Atrasentan, avosentan, tezosentan, clazentan and {5- (4-bromo-phenyl) -6- [2- (5-bromo-pyrimidin-2-yloxy) -ethoxy] -pyrimidin-4-yl} -amide propyl sulfamic acid.

The amount of receptor endothelin antagonist that is administered and the dosage regimen for the methods of this invention also depend on a variety of factors, including the patient's age, weight, gender and clinical condition, the severity of the pathological condition. , the route and frequency of administration, and the particular endothelin receptor antagonist employed, and so may vary widely. A daily dose administered to an individual may be about 0.001 to 100 mg / kg body weight, or about 0.005 to about 60 mg / kg body weight, or between about 50 mg / kg body weight, or between about 0.015 and about about 15mg / kg body weight, or about 0.05 to about 30mg / kg body weight, or about 0.075 to 7.5 mg / kg bodyweight, or about 0.1 to 20 mg / kg body weight, or about 0.15 to 3 mg / kg body weight.

The amount of receptor endothelin antagonist that is administered to a human patient will typically range from about 0.1 to 2400 mg, or from about 0.5 to 2000 mg, or from about 0.75 to 1000 mg. , or between about 1 mg to 1000 mg, or about 1.0 to 600 mg, or between about 5 mg to 500 mg, or between about 5.0 to 300mg, or between about 10 to 200 mg, or between about 10.0 to 100mg. The daily dose may be administered in one to six doses per day.

In a preferred embodiment, bosentan is administered in a daily dose to a patient between about 62.5 mg twice daily or 125 mg twice daily for adult patients.

Pharmaceutically usable endothelin receptor anatomists and their salts may be used as medicines (for example in the form of pharmaceutical preparations). Pharmaceutical preparations may be administered internally as well as orally (eg in the form of tablets, coated tablets, dragees, hard and soft gelatin capsules, solutions, emulsions or suspensions), inhalations, nasally (e.g. sprays) or rectally (for example in the form of suppositories). However, administration may also be performed parenterally as well as intramuscularly or intravenously (for example in the form of injectable solutions).

Endothelin receptor antagonists and their pharmaceutically usable salts may be processed with pharmaceutically inert solvents, inorganic or organic adjuvants for the production of depressed, coated tablets, dragees, and hard capsulagelatines. Lactose, maize starch or derivatives thereof, talc, stearic acid or their salts and others may be used, for example, as tablet adjuvants, dragees, and hard gelatin capsules.

Suitable adjuvants for soft gelatin capsules are, for example, vegetable oils, waxes, lard, semisolid substances and liquid polyols, and others. Suitable adjuvants for the production of solutions and sprays are, for example, water, polyols, saccharose, invert sugar, glucose, etc.

Suitable adjuvants for injectable solutions are, for example, water, alcohols, polyols, glycerol, vegetable oils.

Suitable suppository adjuvants are, for example, natural or hardened oils, waxes, lard, semi-solid or liquid polyols.
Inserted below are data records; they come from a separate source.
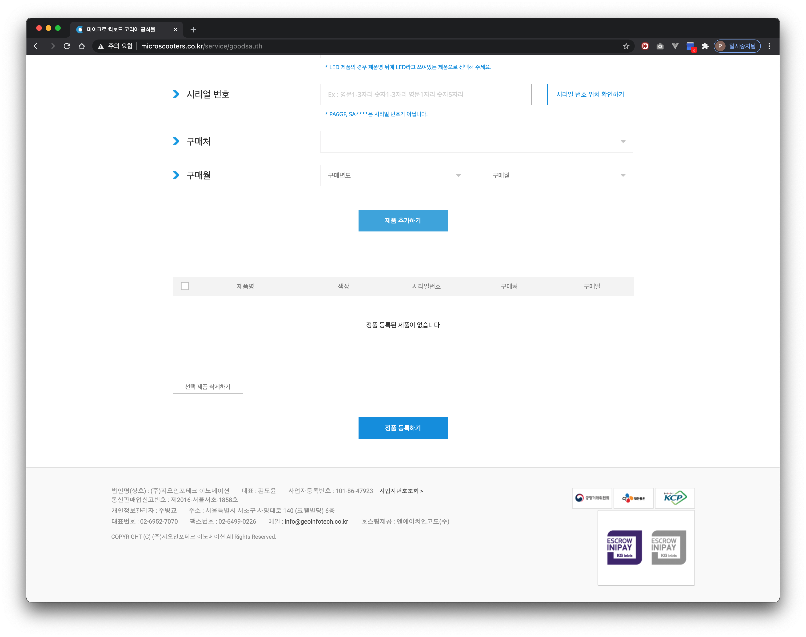 정품등록 기능 개발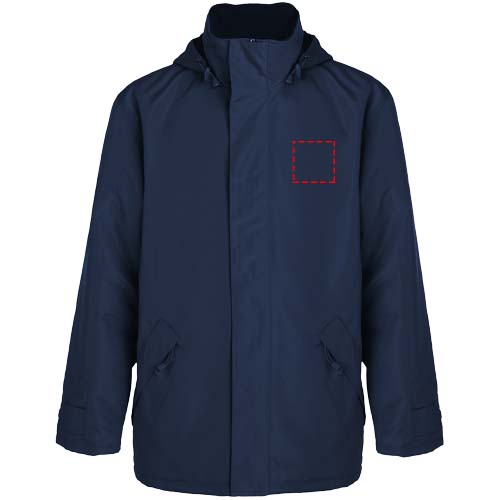 Paminkštinta vandeniui atspari striukė. Centrinis suformuotas užtrauktukas su atitinkamu atvartu. Aukštas kaklas su atlenkiamu gobtuvu. Šoninės kišenės su užtrauktuku ir atvartu. Reguliuojami rankogaliai su petnešėlėmis. Dvi vidinės kišenės su kabliuku ir kilpeliu. Užtrauktukas prie vidaus apdailos. Atsparus vandeniui. Atsparus vėjui. Modelių ūgis 120/122 cm, dėvi 6 dydį.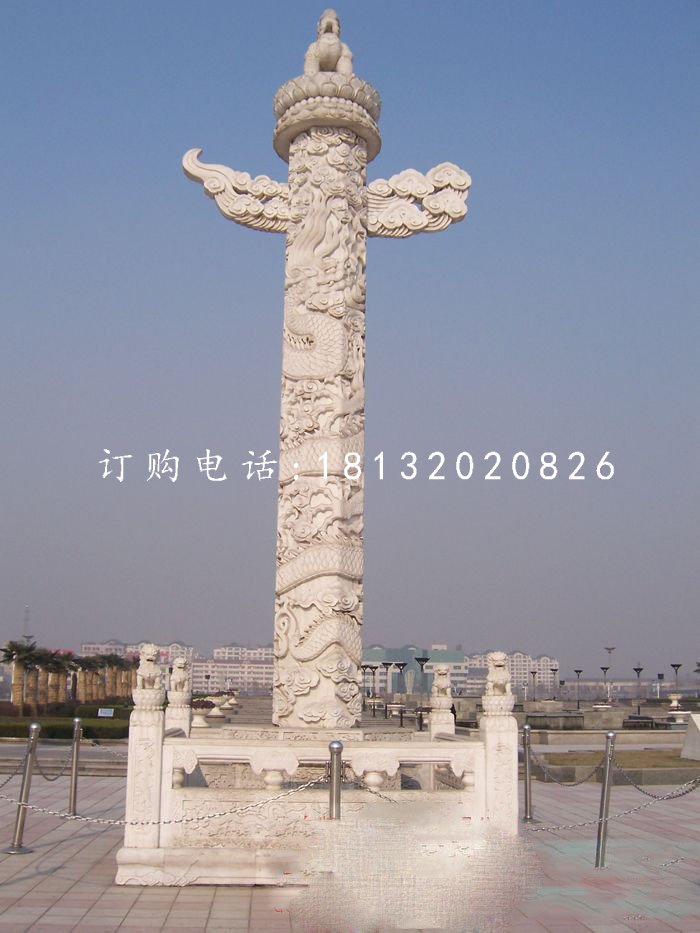 石刻華表古已有之,但明代天安門的白石華表卻自有其時代的特點(diǎn)和藝術(shù)成就。它是以多種雕刻手法塑造的空前建筑裝飾,華表柱身的主體龍紋,以壓地隱起的淺浮雕刻畫出蟠曲而上的龍形,間夾以云紋華飾,使得華表瑰麗而莊嚴(yán),其柱頭上滿飾異彩紛呈的透雕云朵,蓮瓣石盤上飾以圓雕的雄獅。其下還有華麗的八角座,圍以雕刻精致的龍紋欄板和雕刻有獅子的望柱。綜觀華表的總體造型,它是在傳統(tǒng)形式基礎(chǔ)上的升華,同時我們也看到,華表本質(zhì)上也是中西文化合璧的完美象征。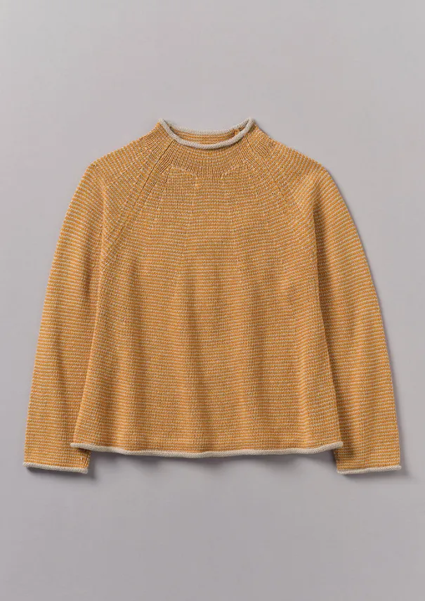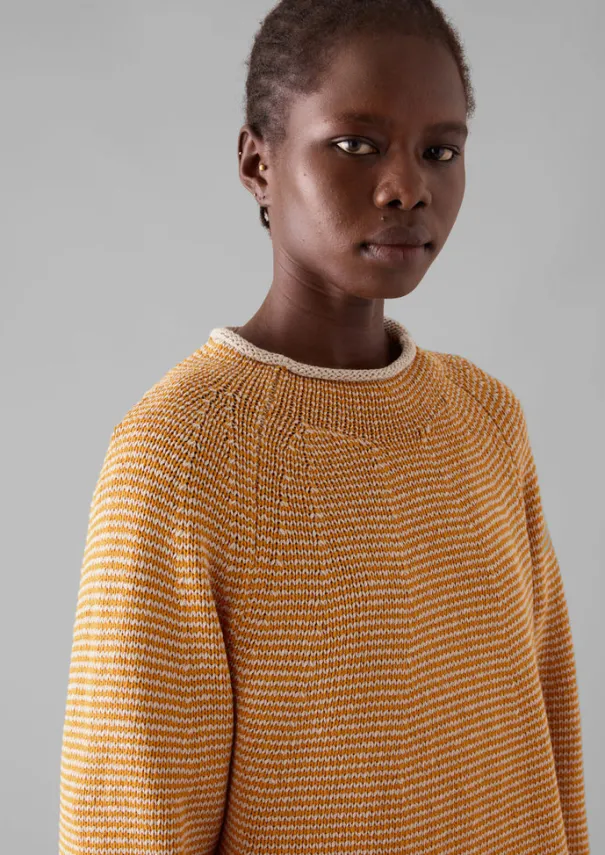 Our swingy striped sweater has shaping at the yoke for a considered silhouette. Crafted from a textured linen and cotton blend to a high-neck silhouette with raglan sleeves, then finished with rolled edges. Linen and cotton blend. Easy shape. High neck. Shaped yoke. Raglan sleeves. Side pocket. Mid-hip length. Rolled edges. Details Hand wash. 55% linen, 45% cotton. Made in China.Soft yarns are liable to pill to some extent, even when using those of the best quality. To take good care of them remove any pills using a pilling comb and protect them from sharp items or jewellery that may catch or snag. Size & Fit Easy fit. Length: Mid hip. Sleeve: Full length. Neck: High neck.Studio model Piath is 5ft 10in/178cm tall and is wearing a size XXS/XS.

In addition, the pharmaceutical preparations may contain preservatives, solubilizers, expellants, stabilizers, wetting agents, emulsifiers, sweeteners, colorants, flavorings, salts for osmotic pressure variation, buffers, masking agents or antioxidants. They may also contain other therapeutically valuable substances.

Experimental section / Biology:

The discoveries with bosentan may be ex-trapolated to other endothelin receptor antagonists, as mentioned earlier, because endothelin-1 (ET-I) has been shown to play a central role in the development of fibrosis and, consequently, target drugs. , and inhibit the action of ET-I will be effective in treating early fibrosis.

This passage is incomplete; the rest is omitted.